The first half of “Right Now” features a semi-romantic relationship between film director Ham Chun-soo (Jung Jae-young) and amateur artist Yoon Hee-jung (Kim Min-hee), who meet at an ancient palace site in Suwon. The two engage in an offbeat, unsuccessful courtship that is rife with awkward conversation and graceless candor. In his overbearing willingness to please, Ham fails to reveal until the last second that he is, in fact, married, inflicting much unpleasantness on Yoon. All of this is captured in those 10 minute-long, unflinching Hongian takes, still full of cigarette smoke, alcohol and light comedy.

Kim Min-hee (left) as amateur artist Yoon Hee-jung and Jung Jae-young as film director Ham Chun-soo in Kim Min-hee (left) as amateur artist Yoon Hee-jung and Jung Jae-young as film director Ham Chun-soo in "Right Now, Wrong Then" (Jeonwonsa Film)
 
In the second half, the story repeats itself from the beginning, but in a slightly tweaked, parallel-universe version. The “mistakes” that Ham committed in the first half are rectified. He becomes “more sincere,” according to Hong, and less desperate for approval, allowing him to better appeal to his female interest; hence the title, “Right Now, Wrong Then.”
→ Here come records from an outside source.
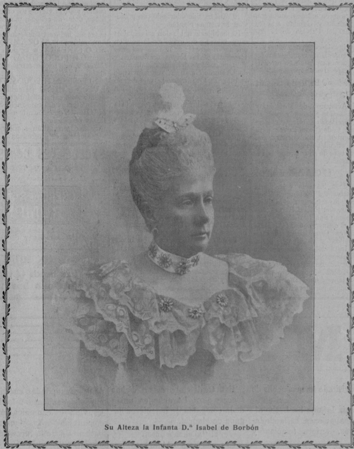
Su Alteza la Infanta D.ª Isabel de Borbón
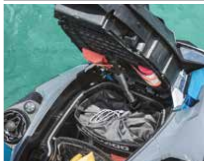
FRÄMRE FÖRVARING MED DIREKTÅTKOMST 3
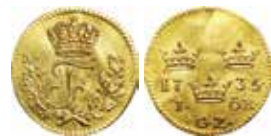
1. Fredrik I, Stockholm, ½ dukat 1735. Präglad på 1-öresstamp. GZ = myntmästare Georg Zedritz. SM 45.
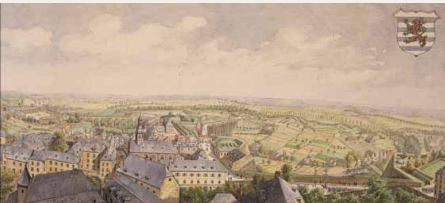
Vue sur la ville du haut de la tour de l'église Notre-Dame

The title was meant as a reflection on the first chapter from the viewpoint of the second chapter, Hong said at a news conference for the film in Seoul on Sept. 17.

“I think things become clearer, more understandable when seen in comparison with something else,” he said. “The first chapter sets the foundation, and the second one tries to be a little more objective about the characters’ situation.”
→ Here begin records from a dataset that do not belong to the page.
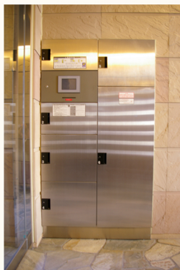
留守の時でも宅配を受け取れる宅配ボックス・自動ドアの横にはペット用足洗い湯まであり、散歩も楽々とも便利。
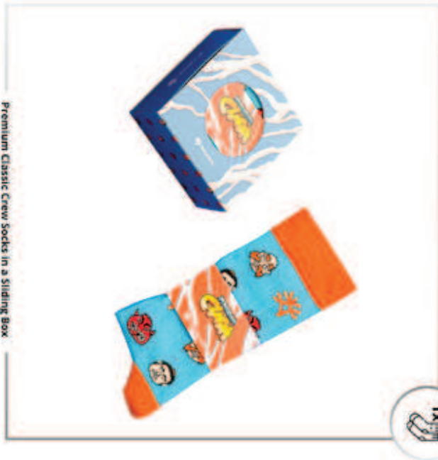
Premium Classic Crew Socks in a Sliding Box
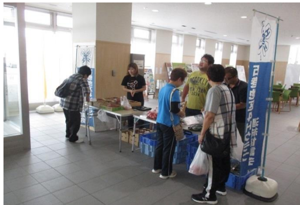
野菜の直売を通じて、お客様と交流を図りました。

石巻地区4 Hクラブは、5月28日に石巻合同庁舎1階ロビーにおいて、直売イベント「青空市」を開催しました。4 Hクラブとは若手農業者の集まりで、日頃から視察研修、農業経営課題の解決に向けた取組や発表を通じて他地域のクラブとの交流等を行い、会員の技術研鑽に努めています。その活動の一環として、会員が生産した野菜などを持ち寄って定期的に青空市を開催し、消費者の方と交流することによって実践的な販売力や接客力の向上に努めています。

But the film is not so simple as to imply that a “right answer” exists in human relationships, or that they can be mastered through trial and error. The second chapter is by no means a perfect alternative, full of social blunders of its own, possibly more disturbing, kind. Many critics have written that the film, therefore, highlights the difficulty of committing fully to the moment, by exploring what could otherwise have been.

True to the auteur’s established style, “Right Now” is a film that ponders, without defining, lost chances and what constitutes “agreeable” social behavior, through characters who are painfully, but often endearingly, self-unaware.

“Right Now,” which won the top Golden Leopard prize at the Locarno International Film Festival last month, will open in local theaters on Sept. 24.